A group of experts from the Massachusetts Institute of Technology’s SMART lab in Singapore has recently published an interesting research paper on the Dark Web.
The researchers collected and analyzed the dark web (a.k.a. the “onionweb”) hyperlink graph, they discovered highly dissimilar to the well-studied world wide web hyperlink graph.
The team led by Carlo Ratti, director of MIT’s Senseable City Lab, used the Graph theory as a tool for analyzing social relationships for the dark web.
The experts analyzed the Tor network, one of the most popular darknet, they used crawler leveraging the tor2web proxy onion.link.
It is important to highlight that the team focused its analysis on the Tor Network, that anyway represents just a portion of the dark web.

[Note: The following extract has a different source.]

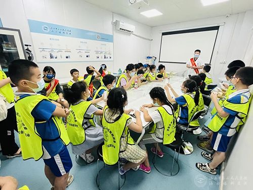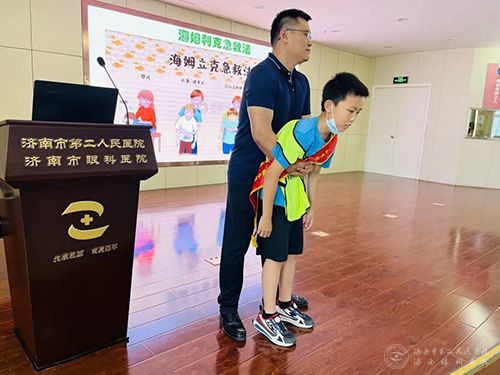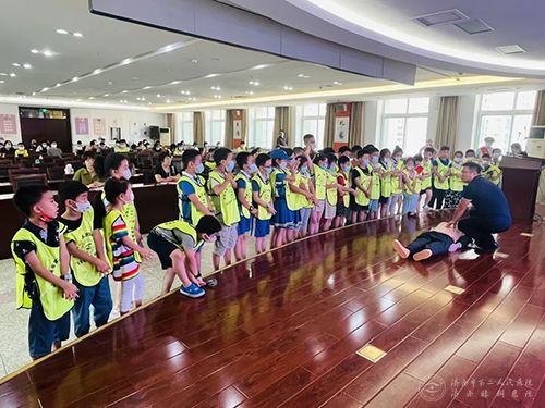 针对中小学生特点,在如何预防溺水事故、如何正确自救、如何有效开展救援等进行教学,并针对心肺复苏、海姆立克急救法的具体操作进行现场演练,多名学生代表在医生的指导下完成了标准的心肺复苏急救动作。

The team crawled onion.link using the commercial service scrapinghub.com, they used two popular lists of dark web sites trying to visit them and accessing all linked pages using a breadth-first search.

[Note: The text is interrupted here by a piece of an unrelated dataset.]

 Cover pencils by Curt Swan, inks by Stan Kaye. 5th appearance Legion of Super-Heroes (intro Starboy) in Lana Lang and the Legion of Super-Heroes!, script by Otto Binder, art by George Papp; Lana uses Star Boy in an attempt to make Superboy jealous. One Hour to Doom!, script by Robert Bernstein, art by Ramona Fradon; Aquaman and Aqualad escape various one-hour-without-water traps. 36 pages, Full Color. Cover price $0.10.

The team just included in their analysis websites which responded to avoid including in their results services that no longer exist.
“I.e., if we discover a link to a page on domain v, but domain v could not be reached after >10 attempts across November 2016–February 2017, we delete node v and all edges to node v.
In our analysis, before pruning nonresponding domains we found a graph of 13,117 nodes and 39,283 edges. After pruning, we have a graph of 7, 178 nodes and 25, 104 edges (55% and 64% respectively)” states the researchers.
The first discrepancy emerged from the research is related to the number of the active .onion domain. The maintainers at the Tor Project Inc. states that the Tor network currently hosts ∼60, 000 distinct, active .onion addresses, meanwhile the team of experts has found only 7, 178 active .onion domains.
The researchers attribute this high-discrepancy to various messaging services— particularly TorChat, Tor Messenger, and Ricochet in which each user is identified by a unique .onion domain.
The Graph-theoretic results show that ∼30% of domains have exactly one incoming link—of which 62% come from one of the five largest out-degree hubs. 78% of all nodes received a connection from at least one of them.